━━━ SUPPLIED DATA

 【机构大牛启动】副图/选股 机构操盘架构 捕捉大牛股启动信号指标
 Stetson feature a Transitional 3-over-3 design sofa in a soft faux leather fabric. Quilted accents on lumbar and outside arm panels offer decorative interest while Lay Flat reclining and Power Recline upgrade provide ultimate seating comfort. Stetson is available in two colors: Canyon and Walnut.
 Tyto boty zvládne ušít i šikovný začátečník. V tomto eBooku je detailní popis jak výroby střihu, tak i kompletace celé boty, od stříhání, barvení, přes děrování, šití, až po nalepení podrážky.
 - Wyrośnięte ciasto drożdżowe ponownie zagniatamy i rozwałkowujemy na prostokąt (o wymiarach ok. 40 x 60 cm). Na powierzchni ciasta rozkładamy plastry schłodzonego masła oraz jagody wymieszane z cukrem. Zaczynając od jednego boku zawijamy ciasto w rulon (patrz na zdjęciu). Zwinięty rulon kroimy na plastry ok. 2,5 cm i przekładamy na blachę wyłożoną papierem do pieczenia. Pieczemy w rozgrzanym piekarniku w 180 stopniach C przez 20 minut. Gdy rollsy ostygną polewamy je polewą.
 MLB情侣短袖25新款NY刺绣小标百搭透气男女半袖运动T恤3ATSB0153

━━━━━━
━━━ SUPPLIED DATA

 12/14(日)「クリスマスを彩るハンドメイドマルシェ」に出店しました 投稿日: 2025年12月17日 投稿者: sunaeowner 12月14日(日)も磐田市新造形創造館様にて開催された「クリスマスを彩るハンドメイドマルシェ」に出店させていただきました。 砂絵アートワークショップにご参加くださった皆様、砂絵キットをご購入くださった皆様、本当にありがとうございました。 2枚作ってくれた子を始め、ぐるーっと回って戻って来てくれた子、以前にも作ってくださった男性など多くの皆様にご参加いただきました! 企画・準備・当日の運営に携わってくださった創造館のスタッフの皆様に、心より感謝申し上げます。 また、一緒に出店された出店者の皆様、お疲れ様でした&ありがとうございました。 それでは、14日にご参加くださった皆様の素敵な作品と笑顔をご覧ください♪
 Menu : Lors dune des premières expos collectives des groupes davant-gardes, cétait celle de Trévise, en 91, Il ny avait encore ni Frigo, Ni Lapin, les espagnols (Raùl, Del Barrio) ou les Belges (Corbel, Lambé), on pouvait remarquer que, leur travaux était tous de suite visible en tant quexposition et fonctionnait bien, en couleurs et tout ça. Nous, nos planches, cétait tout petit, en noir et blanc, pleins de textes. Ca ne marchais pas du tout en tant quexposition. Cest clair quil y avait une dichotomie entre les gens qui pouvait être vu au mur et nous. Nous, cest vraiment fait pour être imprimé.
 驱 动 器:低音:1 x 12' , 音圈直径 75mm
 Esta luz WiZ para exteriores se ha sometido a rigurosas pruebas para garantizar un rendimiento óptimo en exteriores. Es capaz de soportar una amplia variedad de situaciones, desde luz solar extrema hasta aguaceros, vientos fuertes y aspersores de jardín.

━━━━━━

Write out exactly the lines that fall from the line with "Menu : Lors" to the line with "Esta luz WiZ" in the records above, keeping both ends.

 Menu : Lors dune des premières expos collectives des groupes davant-gardes, cétait celle de Trévise, en 91, Il ny avait encore ni Frigo, Ni Lapin, les espagnols (Raùl, Del Barrio) ou les Belges (Corbel, Lambé), on pouvait remarquer que, leur travaux était tous de suite visible en tant quexposition et fonctionnait bien, en couleurs et tout ça. Nous, nos planches, cétait tout petit, en noir et blanc, pleins de textes. Ca ne marchais pas du tout en tant quexposition. Cest clair quil y avait une dichotomie entre les gens qui pouvait être vu au mur et nous. Nous, cest vraiment fait pour être imprimé.
 驱 动 器:低音:1 x 12' , 音圈直径 75mm
 Esta luz WiZ para exteriores se ha sometido a rigurosas pruebas para garantizar un rendimiento óptimo en exteriores. Es capaz de soportar una amplia variedad de situaciones, desde luz solar extrema hasta aguaceros, vientos fuertes y aspersores de jardín.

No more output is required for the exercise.